I also ask myself: does it still make sense, if my economy would ever allow me to (with time my dreams increased in monetary value), to manage to acquire a Nintendo in my Cuba of the XXI Century? I am not referring to one of those modern artifacts, very worthy of Ray Bradbury or George Lucas, the ones that vanish today’s kids from reality. No. I mean a cream-colored, rectangular Nintendo, with only one command and one cassette: Super Mario Bros.

Every day, I would go to the house of the only privileged kid in the neighborhood in the hopes that a sudden urge to go pee, or the obligation to have lunch would take the owner off the seat from a Nintendo that, when the Período Especial (Special Period) hit, became more than a game. Not even the pater middle school professor, nor the mater sales clerk of the grocery store could compete with that Nintendo that became a savior, given to a kid by his Cuban-American uncle: at five pesos an hour, Super Mario fed a whole family for a long period of time.
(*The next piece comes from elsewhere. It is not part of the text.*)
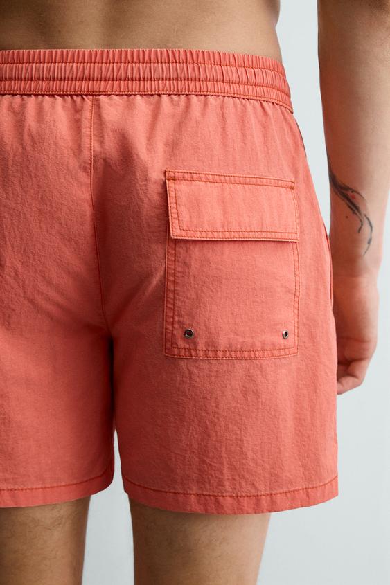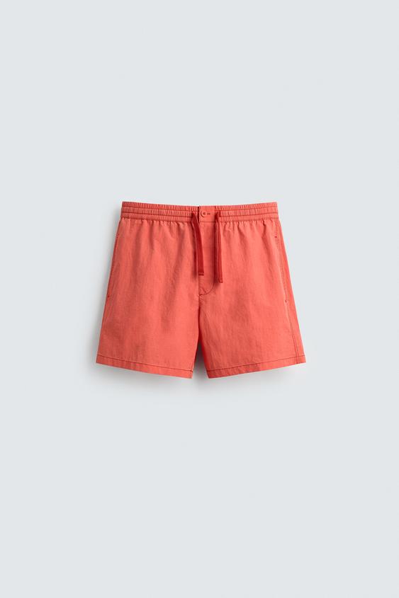 ZARA ПЛАВКИ СРЕДНЕЙ ДЛИНЫ ИЗ ТЕКСТУРИРОВАННОЙ ТКАНИ, КОРАЛЛОВЫЙ
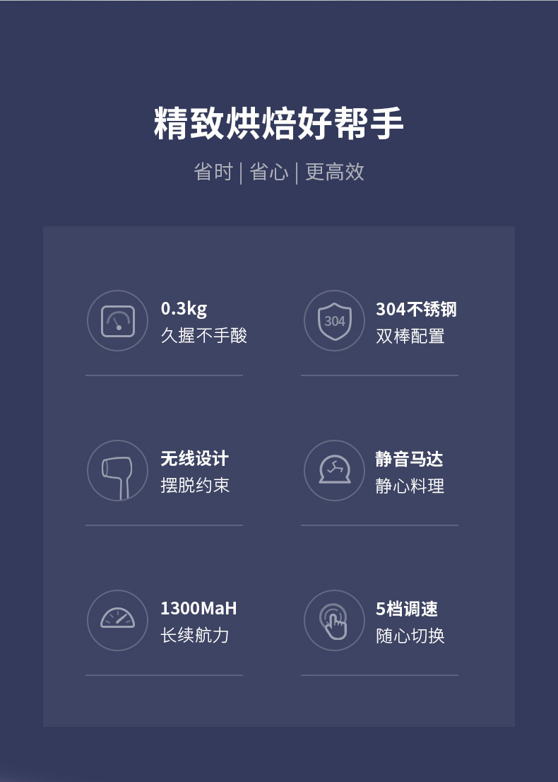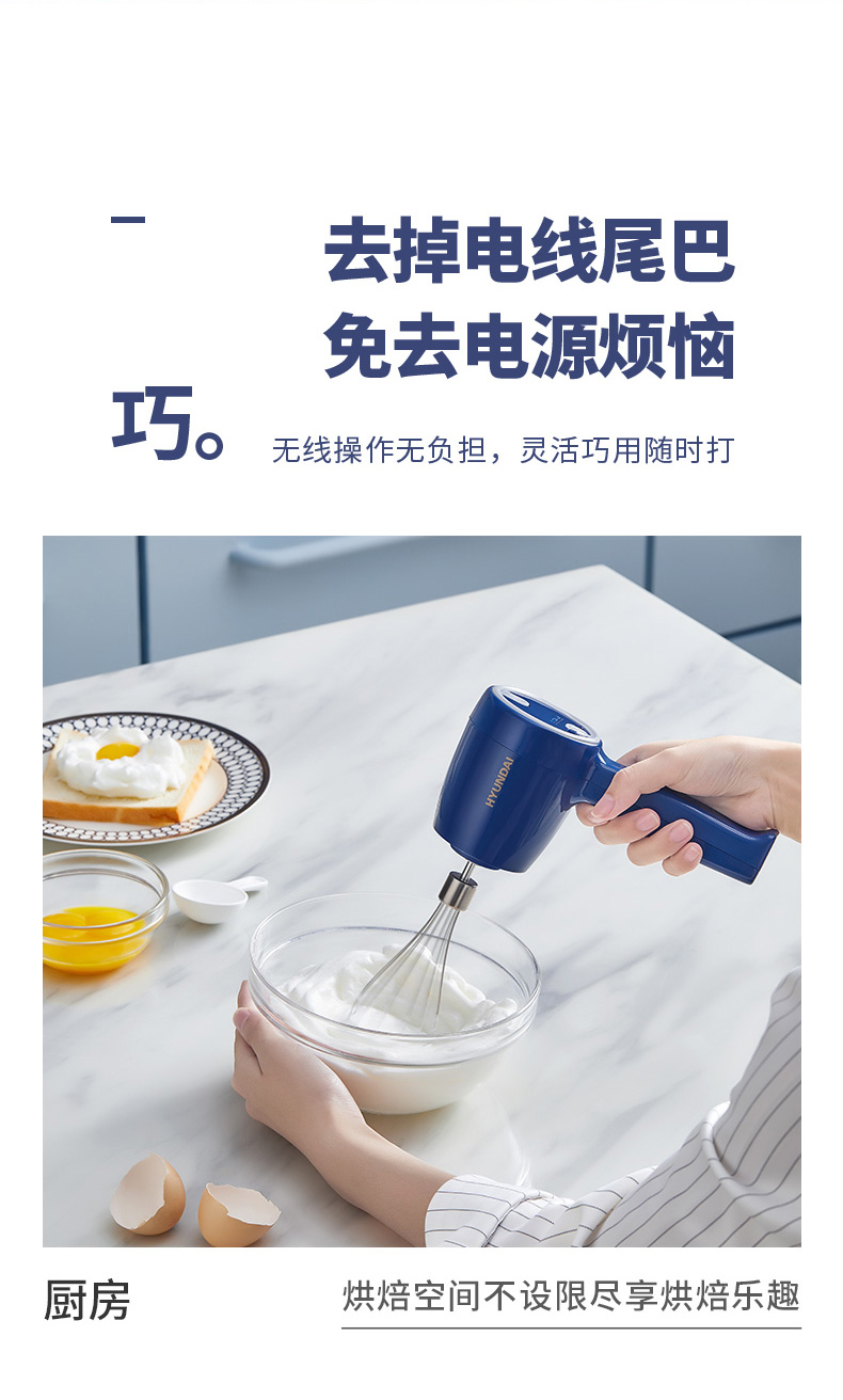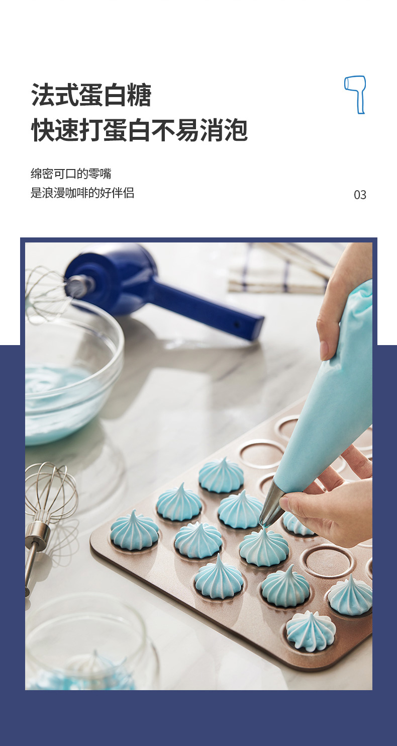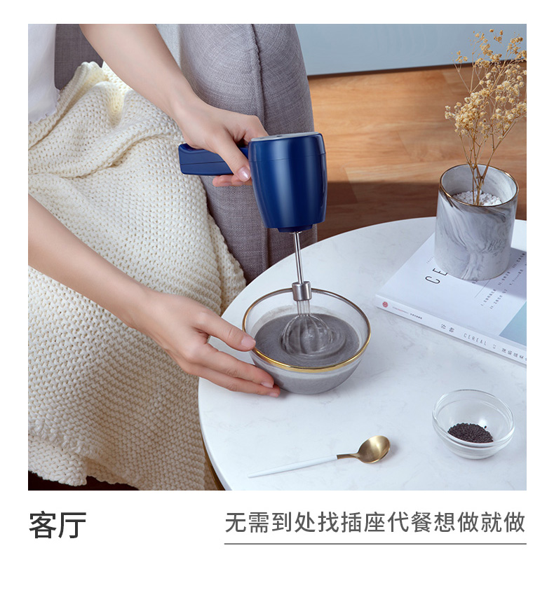 充满电可连续工作约12次(4个蛋清,每次约4分钟);人性化设计;无线使用,摆脱电源线约束,打蛋自由随你选;舒适把手:单手打搅不费力;双棒配置:长形搅拌网,灯笼状打奶网;304不锈钢双网;简单更换安装:1.网棒对准孔位插入 2.稍微用力一推听到“咔”一声,就装好了 3.使用后网棒拨出即可。

I swear to my mother that thanks to a grapevine that shadowed the roof of my house, I was able to regularly substitute the lack of those five pesos, and manage for the first time, that mustachioed character, universal today, who jumped over turtles and rescued princesses. The country was dying from hunger; my parents, like so many more, suffered the most ugly and insane misery but, at eleven naive years of age, happiness was contained in a Nintendo that, even with my insistent prayers, never reached my home.

If baby Jesus wasn’t able to satisfy some of my requests, he substituted values and in return he sent me adolescence. Luckily, for an adolescent that distilled hormones, a fixed up basketball and any girl with accentuated hips who was willing to insinuate the art of making love, was enough. And that, in my Cuba of the year 2000, was very easy to find. The provider even had a name. His name was High School.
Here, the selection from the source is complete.